++++ Recorded data
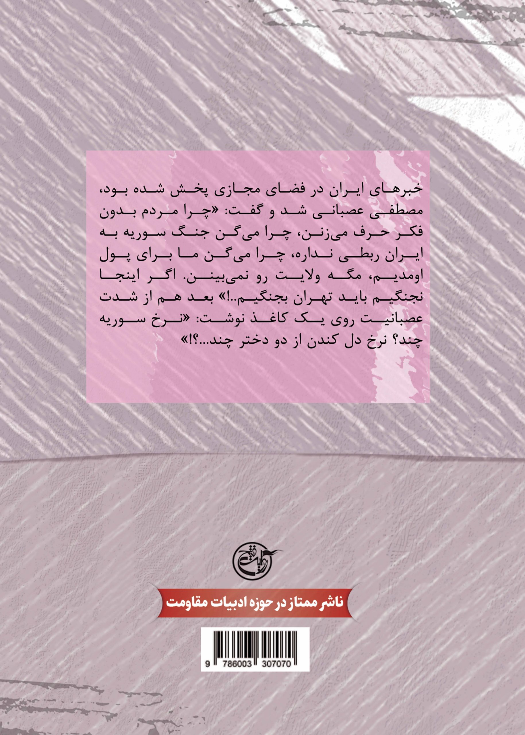خبرهای ایران در فضای مجازی پخش شده بود. مصطفی عصبانی شد و گفت:« چرا مردم بدون فکر حرف میزنن، چرا میگن جنگ سوریه به ایران ربطی نداره، چرا میگن ما برای پول اومدیم؟ مگه ولایت رو نمی بینن. اگر اینجا نجنگیم باید تهران بجنگیم..! بعد هم از شدت عصبانیت روی یک کاغذ نوشت:« نرخ سوریه چند؟ نرخ دل کندن از دو دختر چند…؟!»
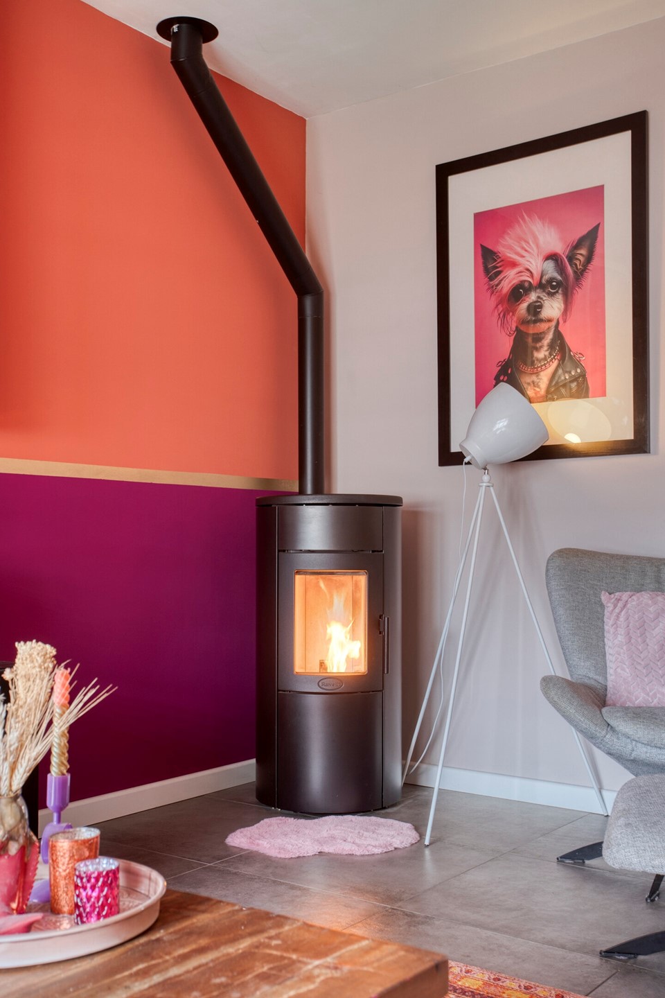 WOONKAMER: Gezellige en smaakvol ingerichte woonkamer met houtkachel en praktische trapkast.
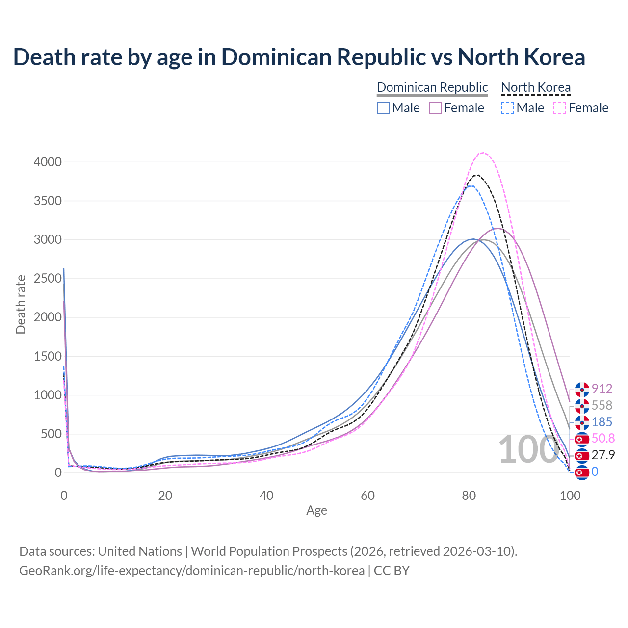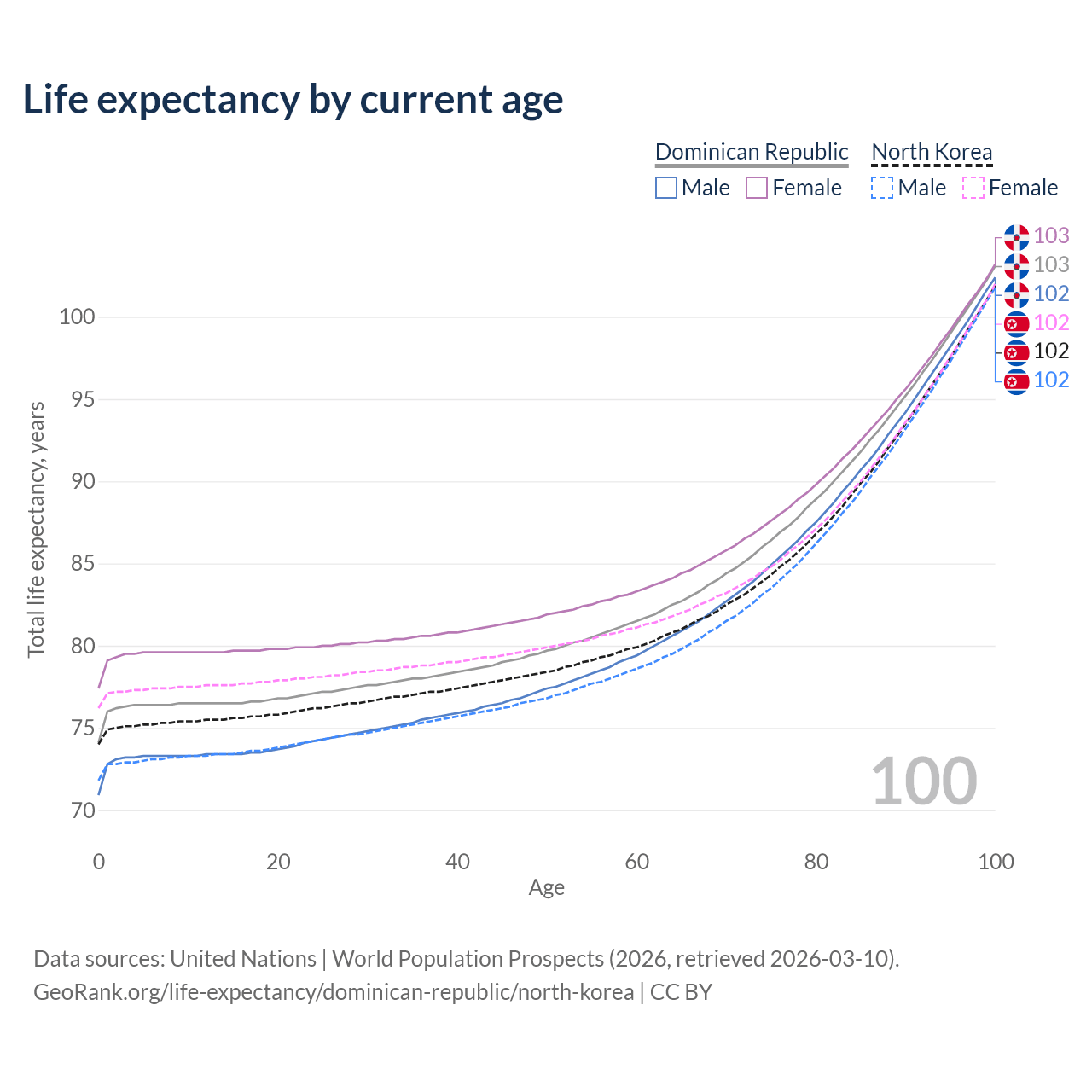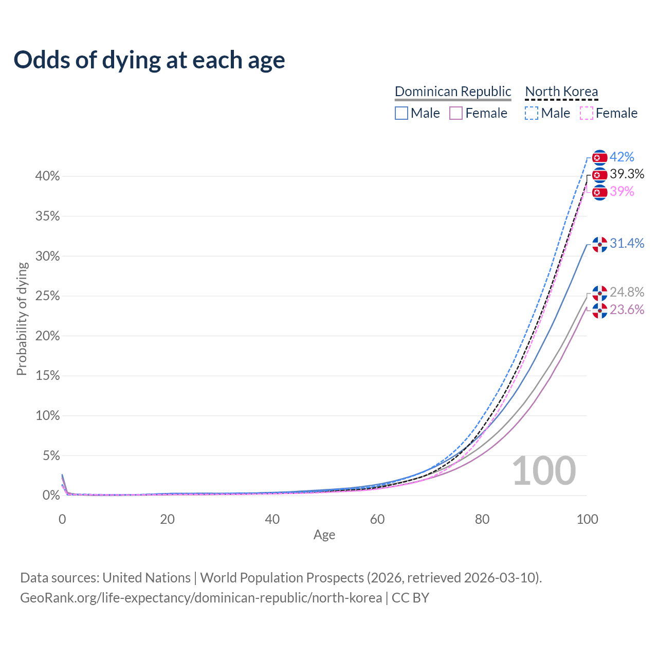 This life expectancy calculator shows the odds of living to 100, 95, 90, and below based on current age for both males and females in the Dominican Republic and North Korea, along with mean and median age of death. The calculations are based on the 2026 life tables (actuarial tables) from the UN World Population Prospects.
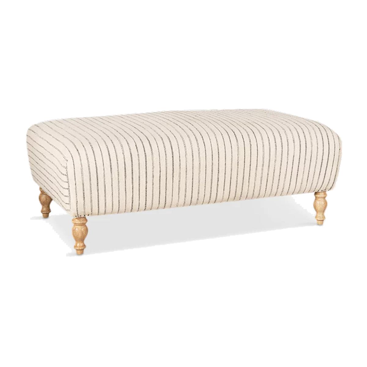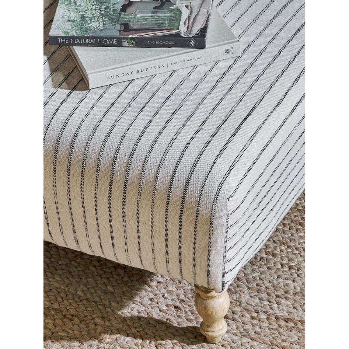 The Sanja ottoman is a beautiful addition to a living room or bedroom, with its striped design making it a truly timeless piece. The faded woven stipe contrasts subtly with the ottoman's natural linen base for a gentle patterned look that fits in with a neutral, natural scheme or brings calm to a brighter setting. The generous proportions make it exceptionally comfortable, and its turned wooden legs add an attractive decorative detail.
++++++++
* Work item:
All of the material must be given again exactly, though no picture may appear in the copy.

* Answer section:
خبرهای ایران در فضای مجازی پخش شده بود. مصطفی عصبانی شد و گفت:« چرا مردم بدون فکر حرف میزنن، چرا میگن جنگ سوریه به ایران ربطی نداره، چرا میگن ما برای پول اومدیم؟ مگه ولایت رو نمی بینن. اگر اینجا نجنگیم باید تهران بجنگیم..! بعد هم از شدت عصبانیت روی یک کاغذ نوشت:« نرخ سوریه چند؟ نرخ دل کندن از دو دختر چند…؟!»
 WOONKAMER: Gezellige en smaakvol ingerichte woonkamer met houtkachel en praktische trapkast.
 This life expectancy calculator shows the odds of living to 100, 95, 90, and below based on current age for both males and females in the Dominican Republic and North Korea, along with mean and median age of death. The calculations are based on the 2026 life tables (actuarial tables) from the UN World Population Prospects.
 The Sanja ottoman is a beautiful addition to a living room or bedroom, with its striped design making it a truly timeless piece. The faded woven stipe contrasts subtly with the ottoman's natural linen base for a gentle patterned look that fits in with a neutral, natural scheme or brings calm to a brighter setting. The generous proportions make it exceptionally comfortable, and its turned wooden legs add an attractive decorative detail.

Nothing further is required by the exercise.